April 21, 2011 - Introducing GigaPan Time Machine, the next-generation GigaPan photographic technology that allows viewers to zoom into into large, panoramic photographs to see fine detail, but now it also allows the viewer to watch the full picture or details within it back and forth through time.
"With GigaPan Time Machine, you can simultaneously explore space and time at extremely high resolutions," said Illah Nourbakhsh, associate professor of Carnegie Mellon University's Robotics Institute and head of the CREATE Lab. "Science has always been about narrowing your point of view — selecting a particular experiment or observation that you think might provide insight. But this system enables what we call exhaustive science, capturing huge amounts of data that can then be explored in amazing ways."
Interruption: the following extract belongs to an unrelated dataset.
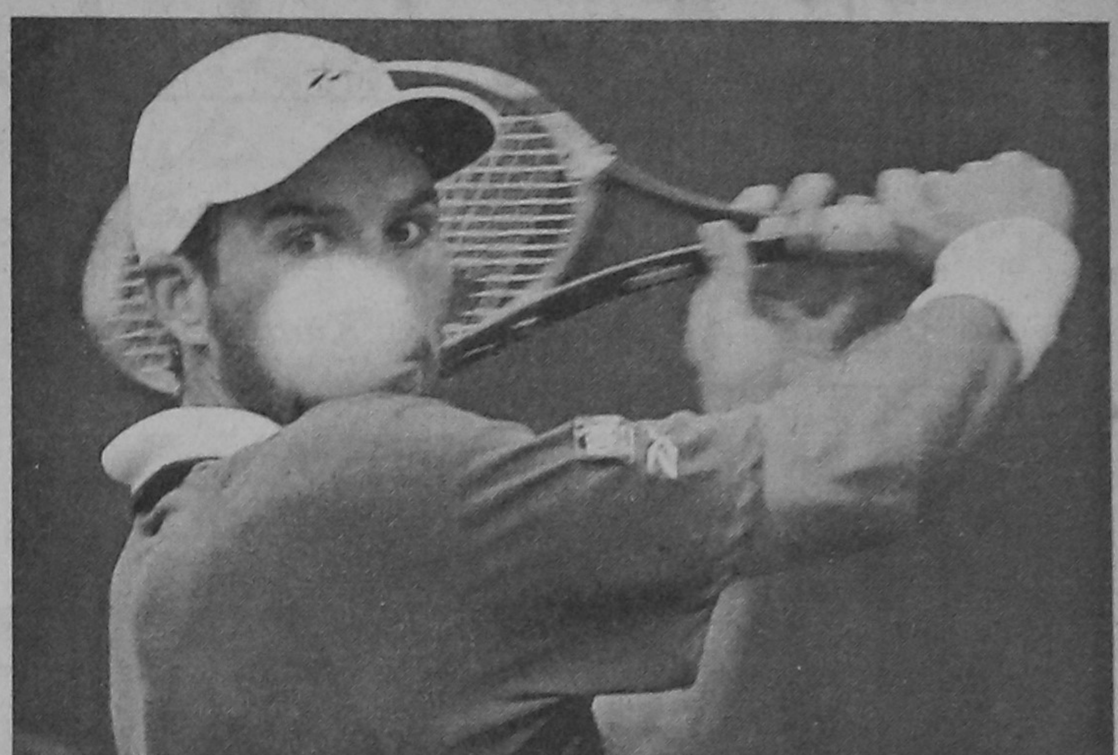
Australian Patrick Rafter is about to make a backhand return against Spaniard Felix Mantilla in their World Team Cup engagement in Duesseldorf, Germany on May 22. Rafter lost the match 2-6, 4-6.

The Ghana Football Association invited the two to strengthen the Black Stars in their preparation for the 2002 World Cup qualifying series which will begin in June.

The system is an extension of the GigaPan technology developed by the CREATE Lab and NASA, which can capture a mosaic of hundreds or thousands of digital pictures and stitch those frames into a panorama that be interactively explored via computer. To extend GigaPan into the time dimension, image mosaics are repeatedly captured at set intervals, and then stitched across both space and time to create a video in which each frame can be hundreds of millions, or even billions of pixels.
GigaPan Time Machine was developed by Carnegie Mellon University in collaboration with NASA Ames Intelligent Robotics Group and GigaPan Systems, with support from Google.